In West Africa, shark
fishing began in the 1970's, booming in the nineties due to rising demand from
Asia for shark fins, according to a report entitled "30 Years of Shark Fishing
in West Africa" co-authored by Diop in 2011.
Since 2003, shark
catches have plummeted. This is not good news but a sign that there are less to
catch.
These days fishermen
can spend up to 20 days at sea, heading as far west as Cape Verde or south to
Sierra Leone in search of their gold, with what Diop bemoans as an often
"mercenary mindset".
Diop explains that
sharks are particularly vulnerable because it can take more than 10 years for
them to reach sexual maturity and their fertility rate is very low, making
recovery from overfishing all year round near impossible.
"On average the
weight of the fin represents only two percent of the total weight of the
animal, so you can see the massacre needed to keep up with the demand for shark
fins," he tells AFP.
In Saint Louis , Fall finally gets a phone call
from his pirogue. Days of bad weather have hampered fishing and even the good
days have yielded no sharks. The boat is now expected the following day.
A fisherman for more
than 30 years, he has seen first hand the worrying drop in shark numbers.
"We are obliged
to catch small sharks. We know its not good but if one person doesn't, the next
will...
"It brings in a
lot of money, so we don't see the importance of the shark. We earn and we will
keep on earning until the sharks disappear," he says sadly.
The shark fishing report talks
of days when hammerhead sharks up to six metres long (20 feet) and one-tonne
sawfish were caught in these waters.
The sawfish -- printed
on the back of Senegalese bank notes -- hasn't been seen since the early 1990s
in coastal waters from Mauritania
to Sierra Leone , except for Guinea-Bissau .
According to the
report, the value of sharks landed annually in 2008 in Senegal , Gambia ,
Guinea-Bissau , Mauritania , Sierra
Leone and Cape
Verde is estimated at 8.5 million euros ($11
million).
Diop's shark project has
published an identification guide for fishermen and has helped west African
nations put legislation in place, most importantly to ban "finning".
In Senegal
this legislation is still in the pipeline.
Finning is the
practice of cutting of the shark fin while at sea, and tossing the rest of the
shark back into the ocean to face a cruel death by suffocation or blood loss.

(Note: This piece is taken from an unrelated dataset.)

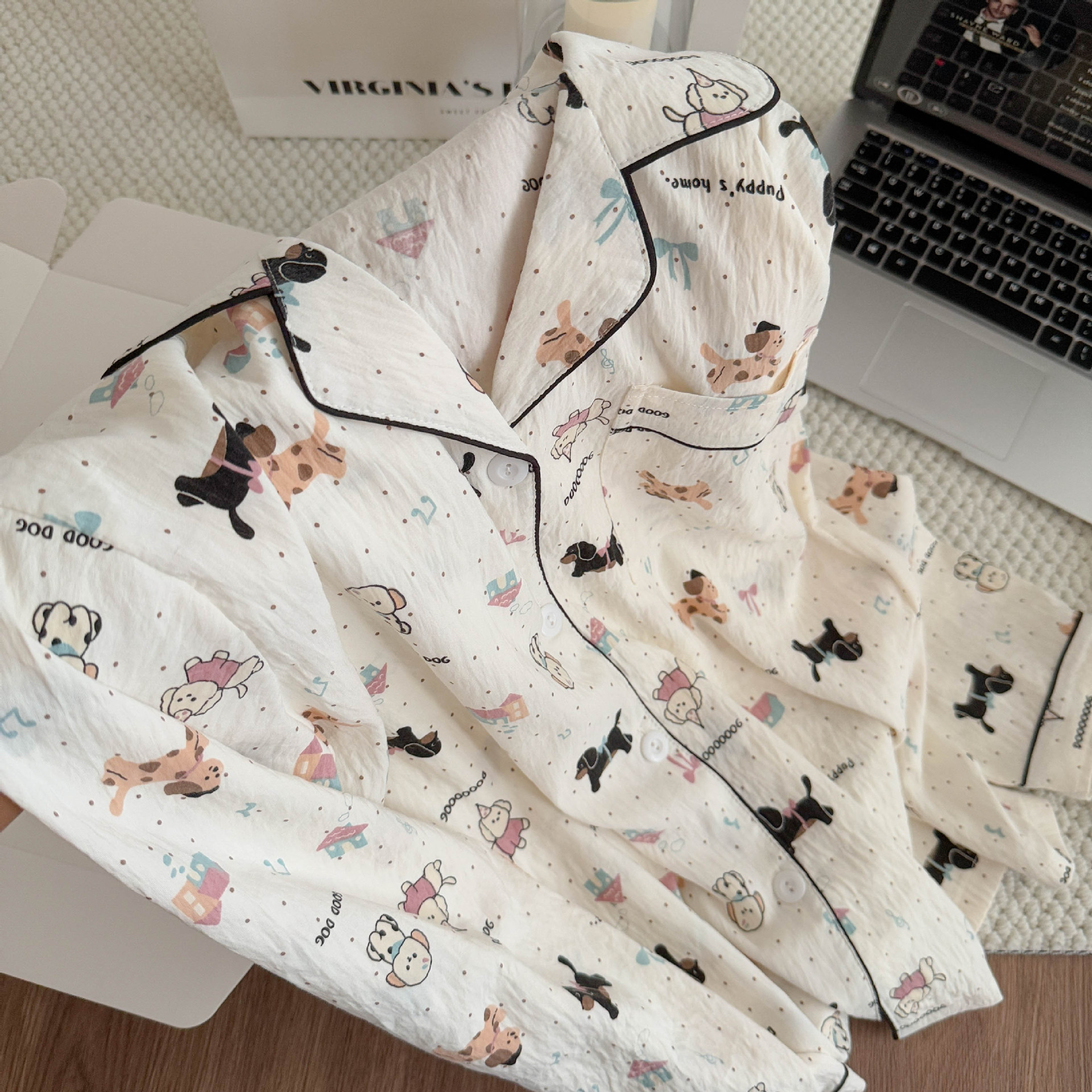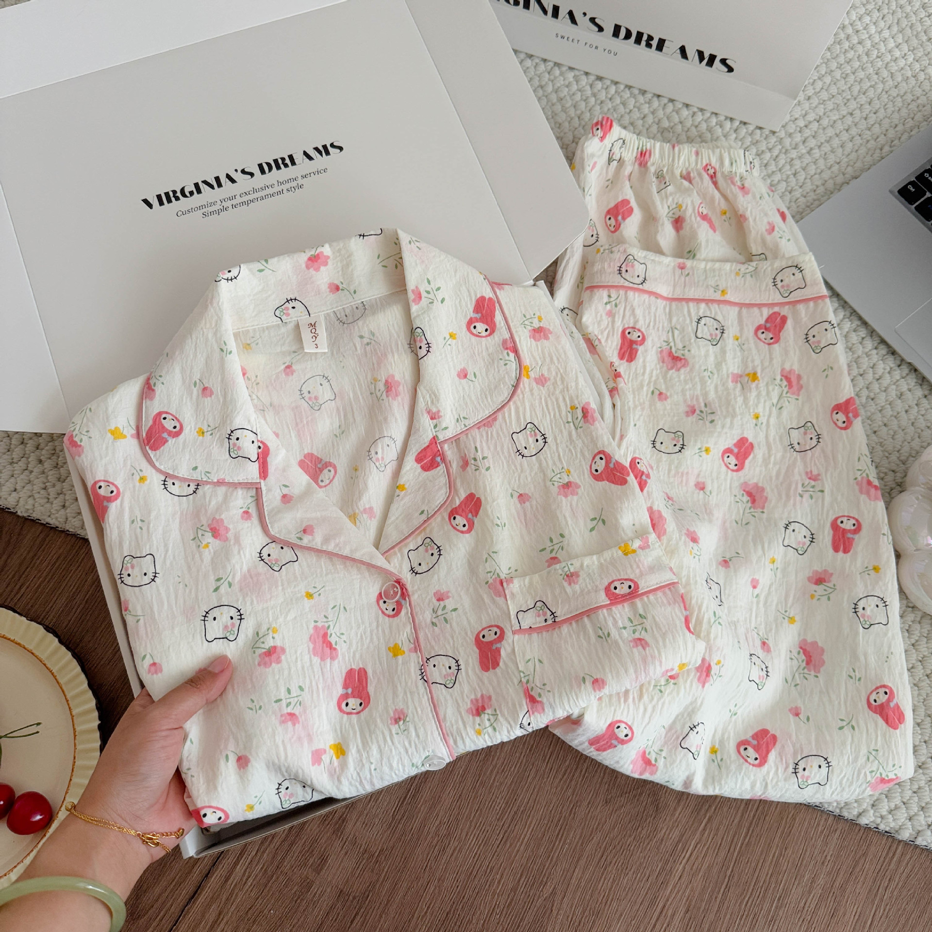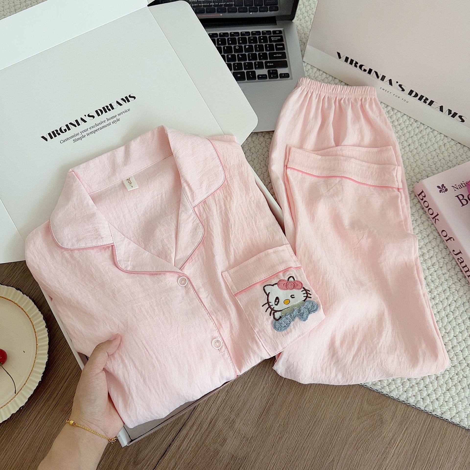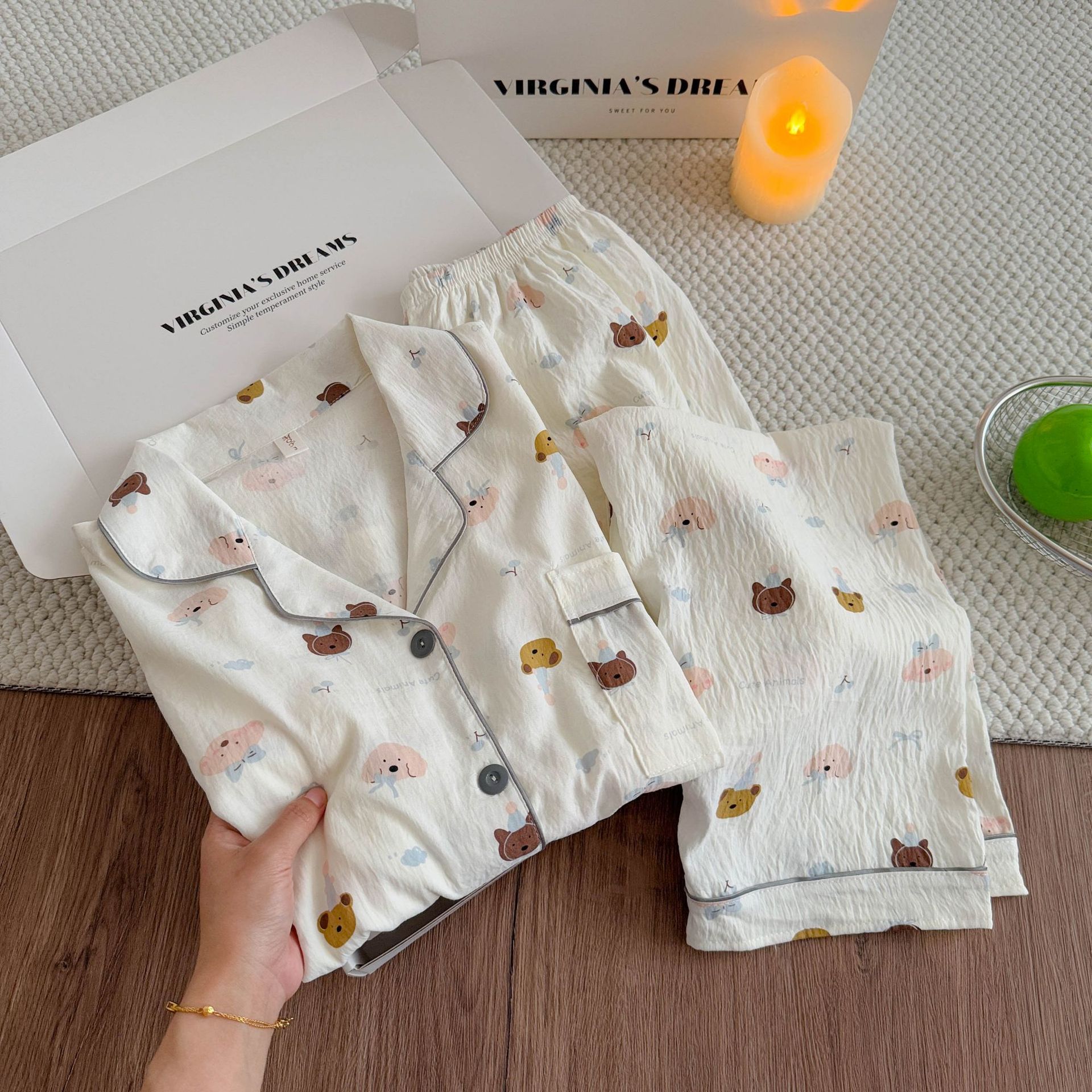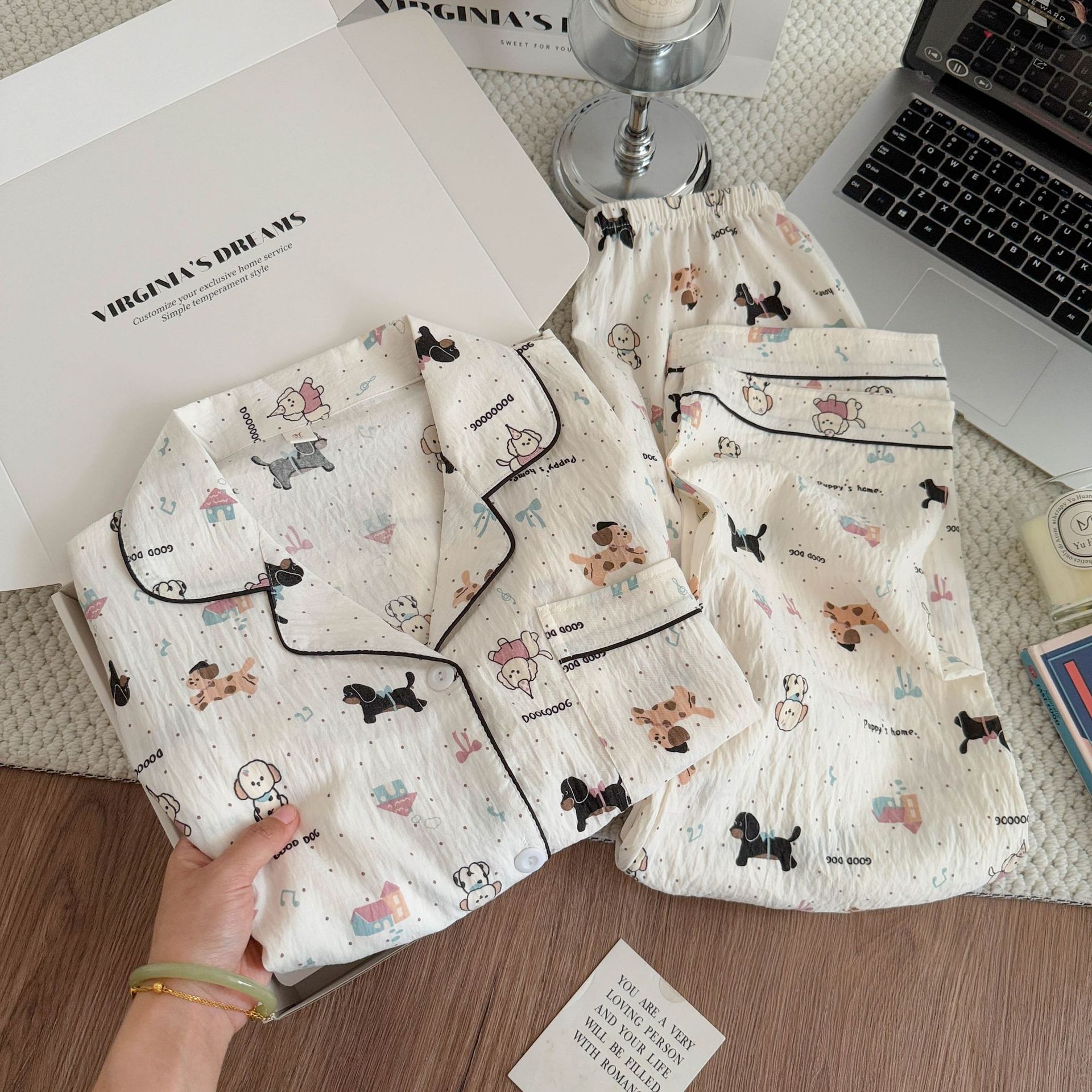여성용 잠옷, 봄, 가을 긴팔 바지, 얇고 달콤하고 귀여운 여성용 홈웨어 세트, 봄, 여름에 외출 가능스토어 가기

Despite the laws, it still continues.
If shark-hunting, in Senegal and the
world over, is not brought under control, Diop and other experts predict dire
results for a marine ecosystem regulated by the predator for some 400 million
years.
A report by the Pew
Environment Group in June 2011 estimates some 73 million sharks are caught
annually and 30 percent of species are threatened with extinction.
The fisherman Sada
Fall becomes anxious and harder to get hold of. The "big shark guy around
here" -- his distributor -- has left back to Dakar after hearing the fishing trip has
not gone well.
Three days after the
boat was supposed to land it reaches shore just after midnight. With no sharks
caught, it quickly refuels and heads out again for several more gruelling, and
expensive, days in search of fisherman's gold.
2 comments:
A new low in man's inhumanity. I am very sad to hear of these atrocities with regard to the mutilations and slaughter of sharks for the money god.
Oh pleeeze! "money god"???
If you don't earn you and your family will starve to death, it is as simple as that.
They are doing what any person would do, they are earning a living supplying a market from 'the commons'. Until ownership is individualised the mantra "if one person doesn't, the next will" will always remain true.